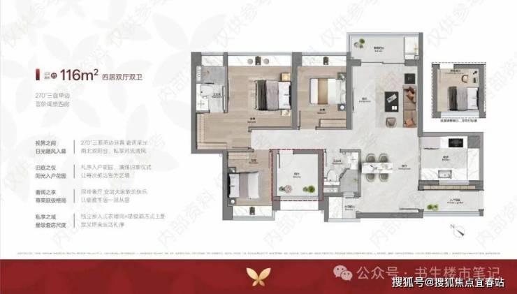🏆建面约116㎡-270°单边王 四房双厅双卫
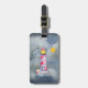 Personalisierter Gepäckanhänger mit einem skurrilen rot gestreiften Leuchtturm und einem bunten Beachball, der an der Wand ruht. Eine graue Möwe fliegt in der Ferne ab. Eine gelbe Sonne lächelt glücklich am Himmel. Gewitterte stürmische Wolken, die sich von hinten anschließen. Digitales Bild erstellt mit Aquarellen.
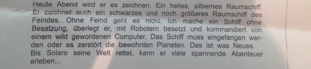 Сегодня вечером он нарисует его. Светлый, серебряный космический корабль. Он нарисует также черный и еще больший по размеру космолет врага. Без врага никак. Я сделаю корабль без экипажа, размышляет он, занятый роботами и отдающим команды одичавшим компьютером. Корабль должен быть захвачен или он разрушает обитаемые планеты. Это что-то новое. Пока Соларо не спасет его мир, он сможет пережить множество увлекательных приключений.
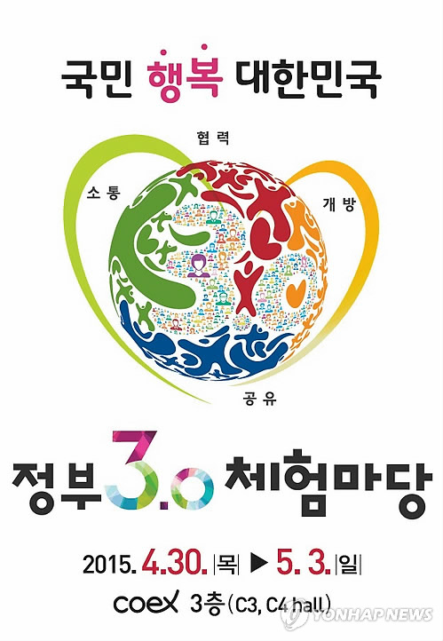 △ (서울=연합뉴스) 행정자치부는 44개 중앙행정기관과 17개 시도가 정부3.0의 공감대를 확산하고 지난 2년여의 추진 성과를 소개하는 '정부3.0 체험마당'을 오는 30일부터 나흘간 코엑스에서 개최한다고 28일 밝혔다. 정부3.0이란 공유·개방·소통·협력의 원리에 따라 부처·기관 간 칸막이를 제거해 맞춤형 대국민 서비스를 구현하고 창조경제에 기여하는 박근혜 정부의 정부혁신전략을 일컫는다. 2015.4.28 << 행정자치부 제공 >> photo@yna.co.kr
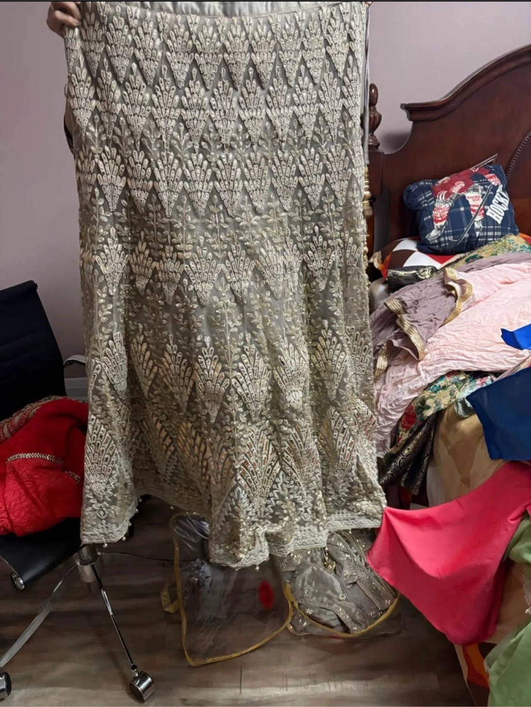 This is a beautiful embroidered lehenga choli set. It features intricate gold and silver thread work on a light grey net fabric. The choli is made of a shimmering silk-like material and is sleeveless. It's perfect for festive occasions and weddings!

**Your goal:** Write out again exactly the lines from the start of the data above through the line containing "Personalisierter Gepäckanhänger mit", inclusive, excluding any pictures.

**Task solution:**
🏆建面约116㎡-270°单边王 四房双厅双卫
 Personalisierter Gepäckanhänger mit einem skurrilen rot gestreiften Leuchtturm und einem bunten Beachball, der an der Wand ruht. Eine graue Möwe fliegt in der Ferne ab. Eine gelbe Sonne lächelt glücklich am Himmel. Gewitterte stürmische Wolken, die sich von hinten anschließen. Digitales Bild erstellt mit Aquarellen.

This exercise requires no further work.